Ultimately, the heterogeneous image material and the use of three different health care professionals both add to the generalizability and thus constitute strengths of the study. The blinding of the readers, the use of simple and easily comprehensible classifications along with regular encouragement to follow the evaluation manual, are other important strengths of the study.
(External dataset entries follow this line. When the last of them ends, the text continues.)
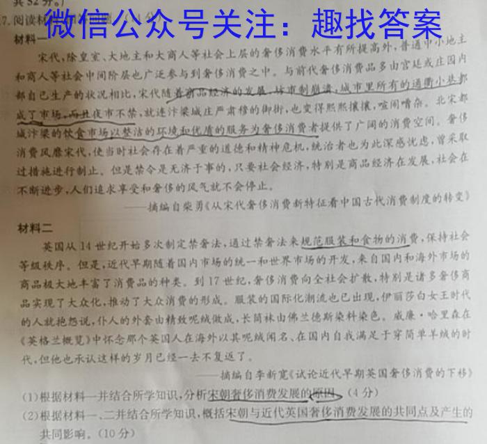 17.,阅读材料,回答问题、(14分)材料一宋代,除皇宝、大地主和大商人等社会上层的奢侈消费水平有所提高外,普通中小地主和商人等社会中间阶层也广泛参与到奢侈消费之中。与前代奢侈消費品多由宫廷或庄园内e部自己生产的状况相比,宋代随着有品冰的发展,市制,市里所有的通看小基都市场,而扎夜市不禁,就连梁城庄严肃穆的御街,也交得熙熙攘,喧闹嘴杂,北宋都城汁架的饮食市以整洁的环优质的服务为奢侈消费者提供了广间的消费空间,奢侈消费风宋代,使当时社会存在着严重的道德和精神危机,治者也为此深感忧虑,曾采取过措施进行制止,但是禁令是无济于事的,只要社会经济,特别是商品经济在发展,社会在不断进步,人们追求享受和奢侈的风气就不会停止。摘编自柒勇《从宋代奢侈消费新特征看中国古代消费制度的转交材料二英国从14世纪开始多次制定禁奢法,通过禁奢法来规范服装和食物的消费,保持社会等级秩序,但是,近代早期随着国内市场的统一和世界市场的开发,来自国内和海外市场的商品极大地丰富了消费品的种类。到17世纪,奢侈消费向全社会扩散,特别是诸多奢侈商品实现了大众化,推动了大众消费的形成,服装的国际化潮流也已出现,伊丽莎白女王时代的人就抱说,仆人的外套由精致呢绒做成,长简袜山佛兰德斯染料染色,威廉·哈里森在《英格兰概览》中怀念那个英国人在海外以其呢绒闻名、在国内自我满足于穿简单羊绒的时代,但他也承认这样的岁月已经一去不复返了,—摘编自李新宽《试论近代早期英国奢侈消费的下移)(1)根据材料一并结合所学知识,分析宋朝奢侈消费发展的原因(4分)(2)根据材料一、二并结合所学知识,概括宋朝与近代英国奢侈消费发展的共同点及产生的共同影响。(10分)
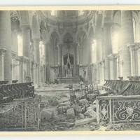 Une autre partie intérieur de l'Abbatiale endommagée lors de la libération en 1918.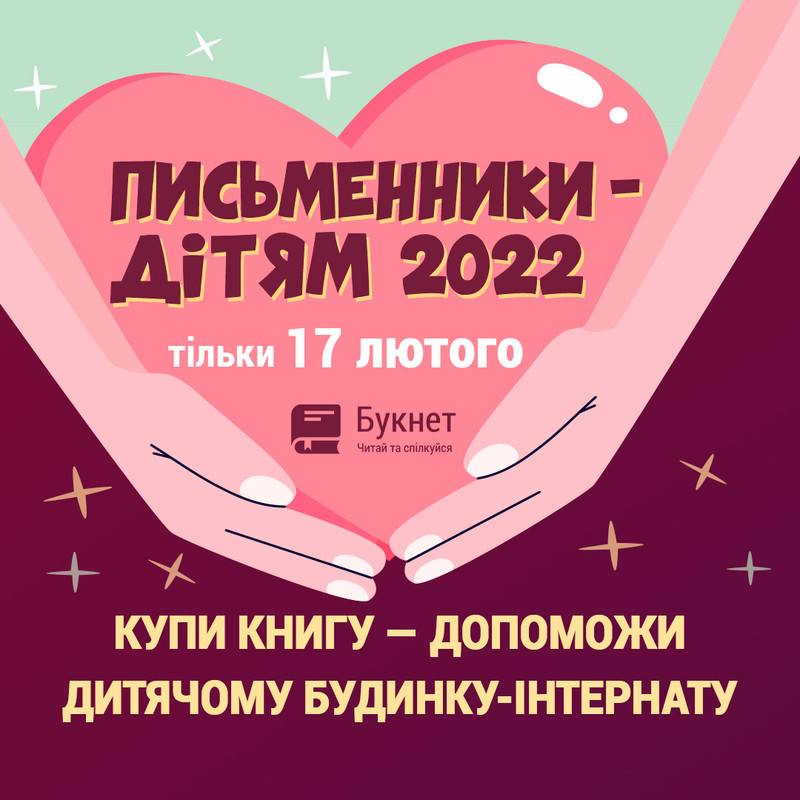 Шановні читачі, Букнет спільно з авторами проводить благодійну акцію "Письменники - дітям 2022". Тільки сьогодні, купуючи книги, що беруть участь в акції, ви допомагаєте дитячому будинку-інтернату, де проживають, навчаються та лікуються діти із найскладнішими формами інвалідності.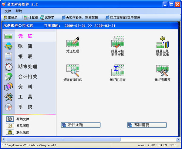 易芝财务软件下载 v9.2 免费版 凭证编辑、打印、汇总、查找,总分类帐,明细帐,数量金额帐,辅助核算表,日记帐,试算平衡表,科目余额表,利润表,资产负债表,现金流量表,自定义报表,资产折旧计算等。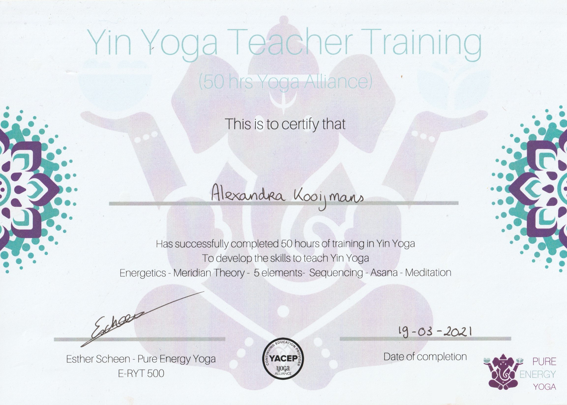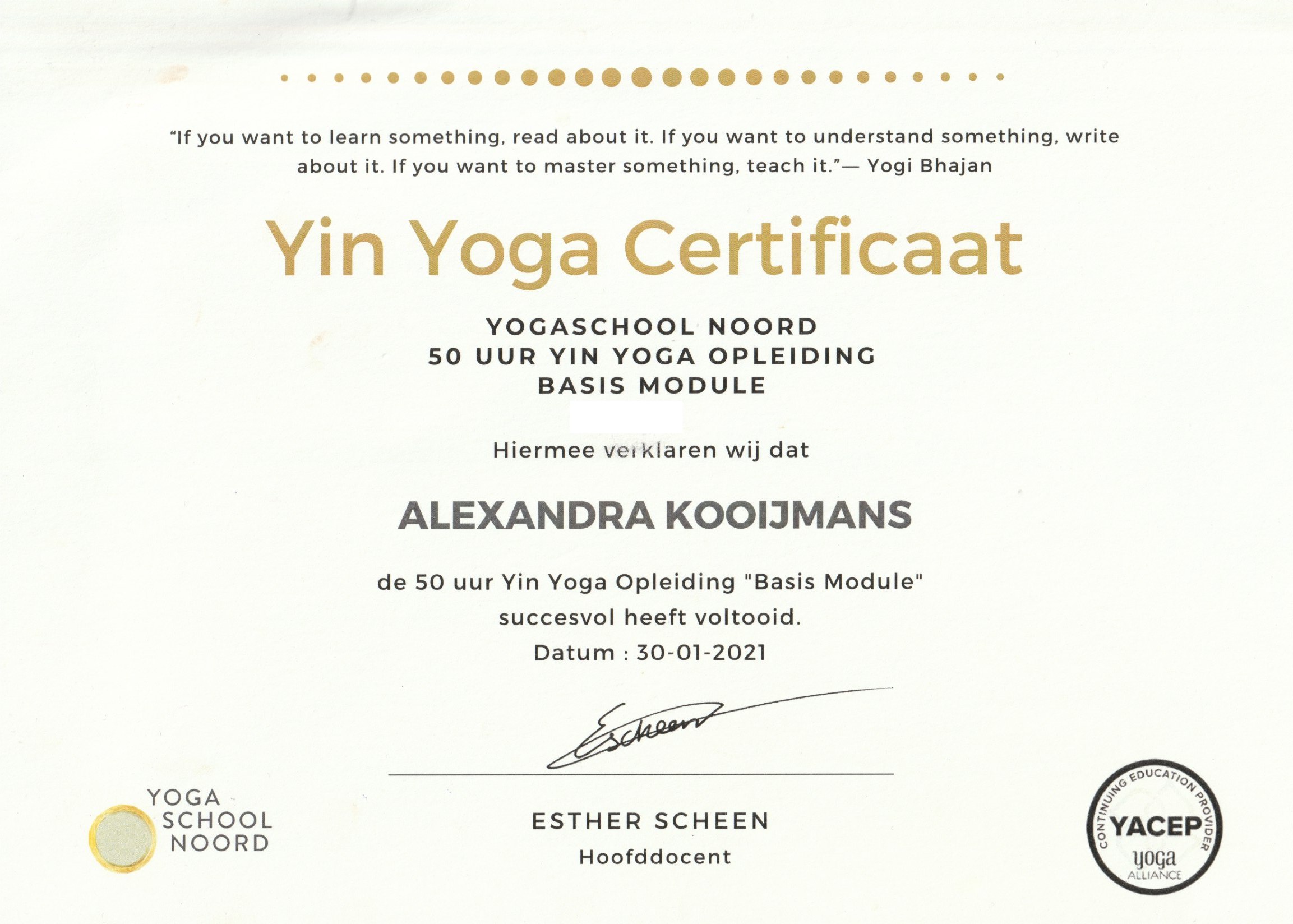 Ondertussen ontwikkel ik me nog steeds met veel plezier door diverse opleidingen te volgen op het gebied van coaching, ademwerk, meditatie en mindfulness. Inmiddels heb ik ook meerdere intensive teacher trainingen tot yin yoga docent afgerond. Hierin geef ik inmiddels met veel plezier lessen en dit gebruik ik desgewenst als aanvulling in mijn sessies.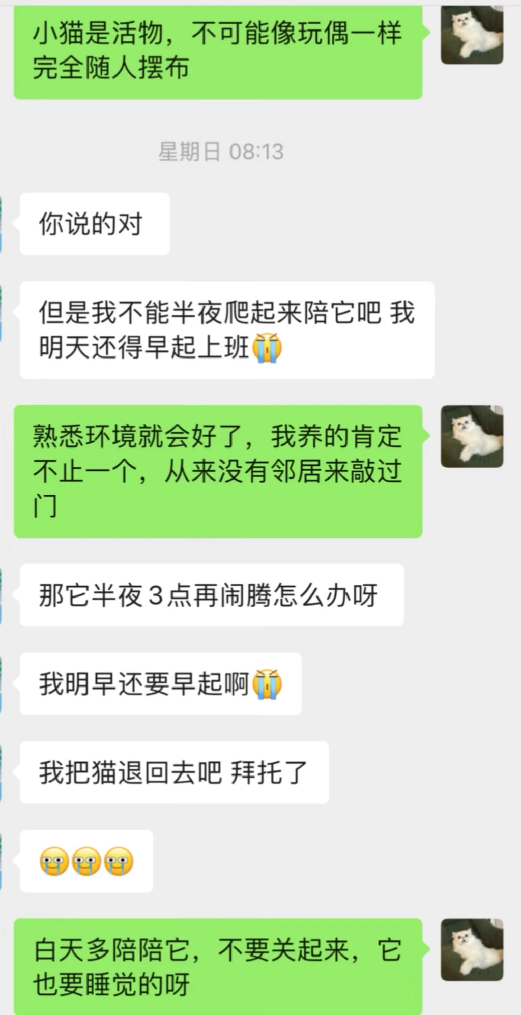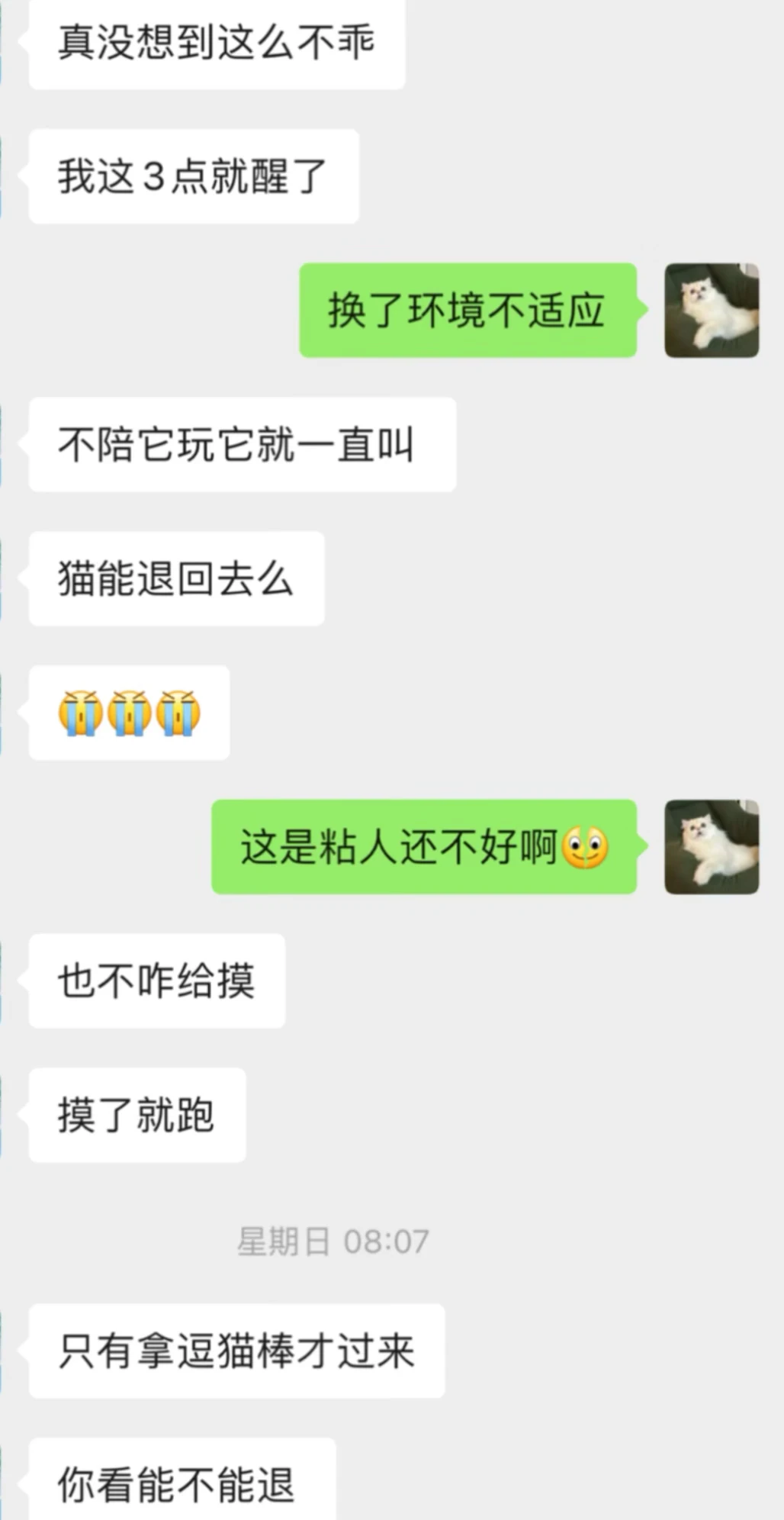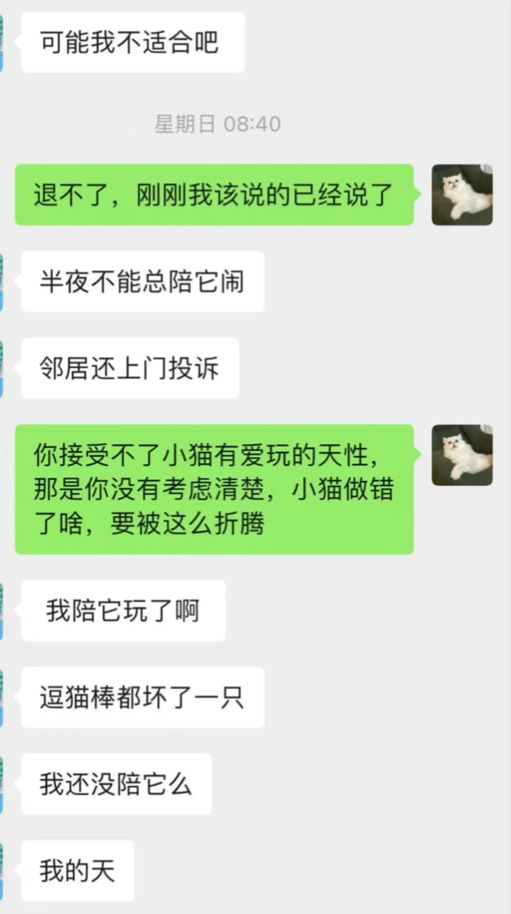 这个猫猫是一个星期前预定的,现在接回来不到24小时,我不想养了可以退吗? 提前给猫猫准备了个小小笼子,但是关不住它,因为在原繁育人那里是散养的,而且看不见人就一直叫,吃的猫粮和水就在猫砂盆旁边,上完厕所都不用转身就能吃到,都这样好好给它准备了还不领情,还把逗猫棒都咬坏了一个,实在太不乖了,在繁育人那里抱手里贴脸都不动,可是我接到不让摸不让抱,一摸就跑,真的不想养了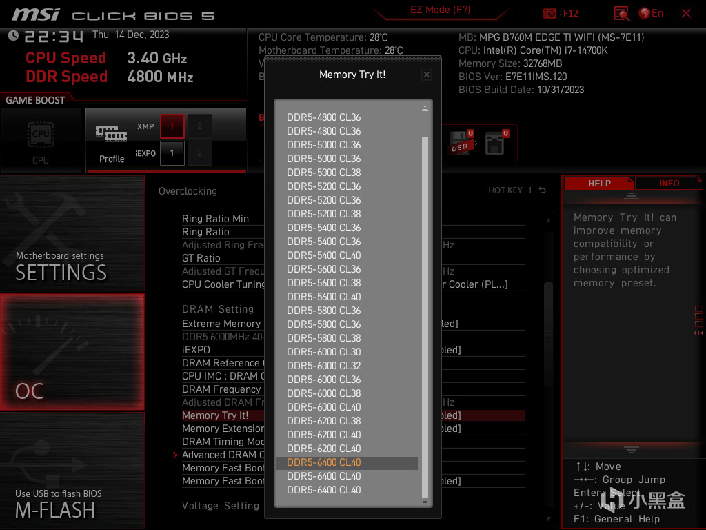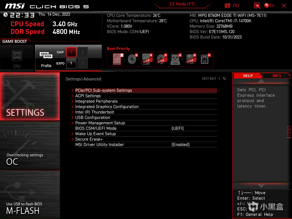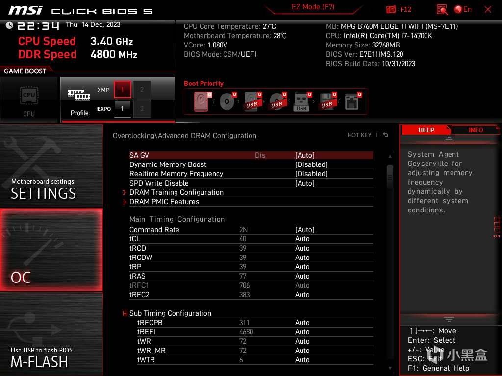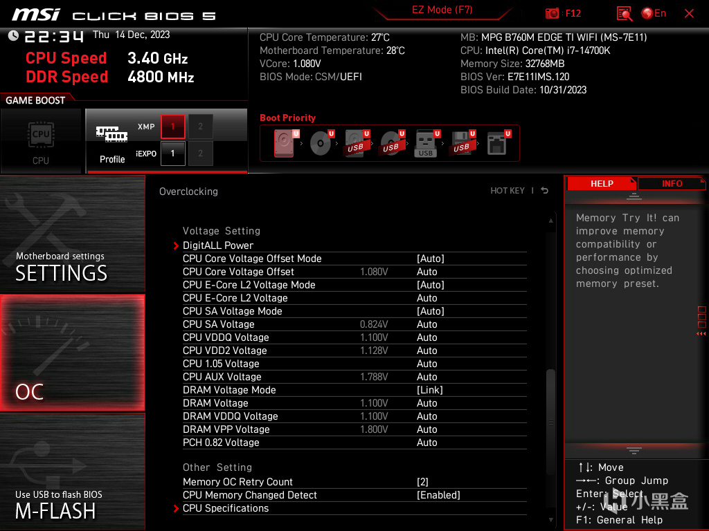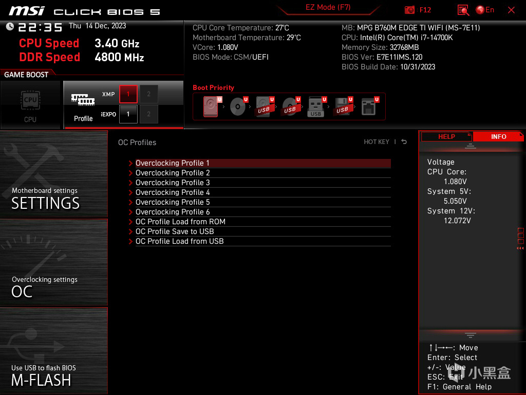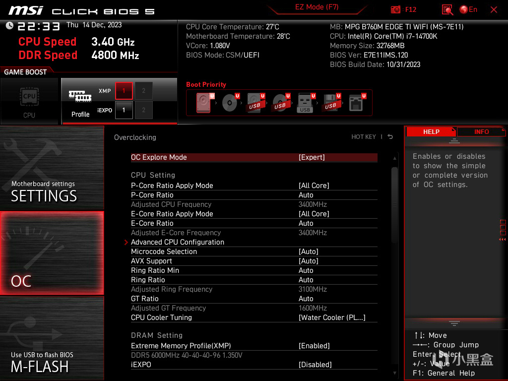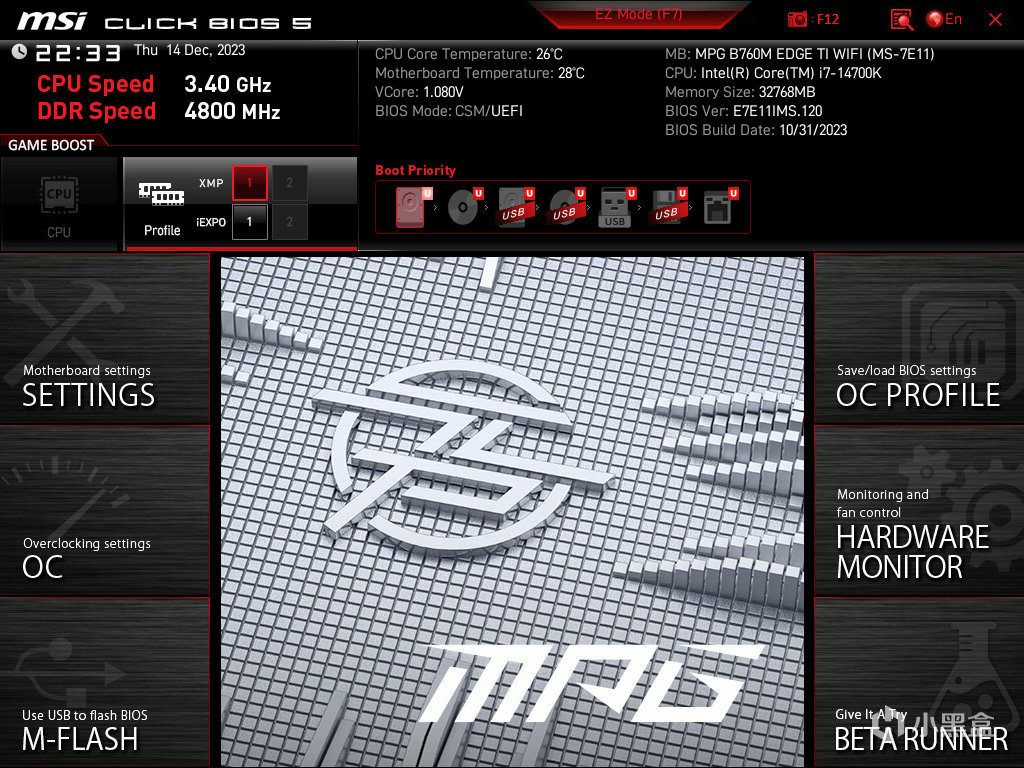 微星MPG B760M EDGE TI WIFI主板的BIOS默认是CLICK BIOS5的简易模式界面,对于大部分用户常用的BIOS功能设置都可以在这个界面方便的找到,比如启动顺序、CPU一键超频、内存打开XMP等 。

In contrast to the controlled settings of the current study, a study comparing narrative MRI reports demonstrated considerable variability [
34]. In this study [
34], a patient with low back pain and right L5 radicular symptoms had lumbar spine MRI performed at 10 different MRI centers within 3 weeks. Comparison of the 10 narrative reports revealed considerable variability; none of the 49 described findings occurred in all 10 reports and only one finding occurred in nine reports. Even if this amount of variability is unusually large [
34], it supports our clinical experience that variability also prevails in the interpretation of cervical spine MRIs. A possible way to overcome this is by using classifications sufficiently comprehensible to be applied 1) by different health care professionals and 2) when assessing heterogeneous images from different MRI scanners. Such classifications were presented in the current study. Confirmatory studies will be needed. If those studies were to involve experienced radiologists, provide proper training for lesser experienced MRI readers, and use an evaluation manual, better reliability might be achieved in clinical settings. So far, the results suggest that the evaluation of MRI findings can be used in controlled research settings studying individuals with neck pain. Suggestions for future research include comparison of reliability with and without the use of an evaluation manual. Also, including more than one of each health care professional could allow for comparison of experience levels both among and within different types of health care professionals.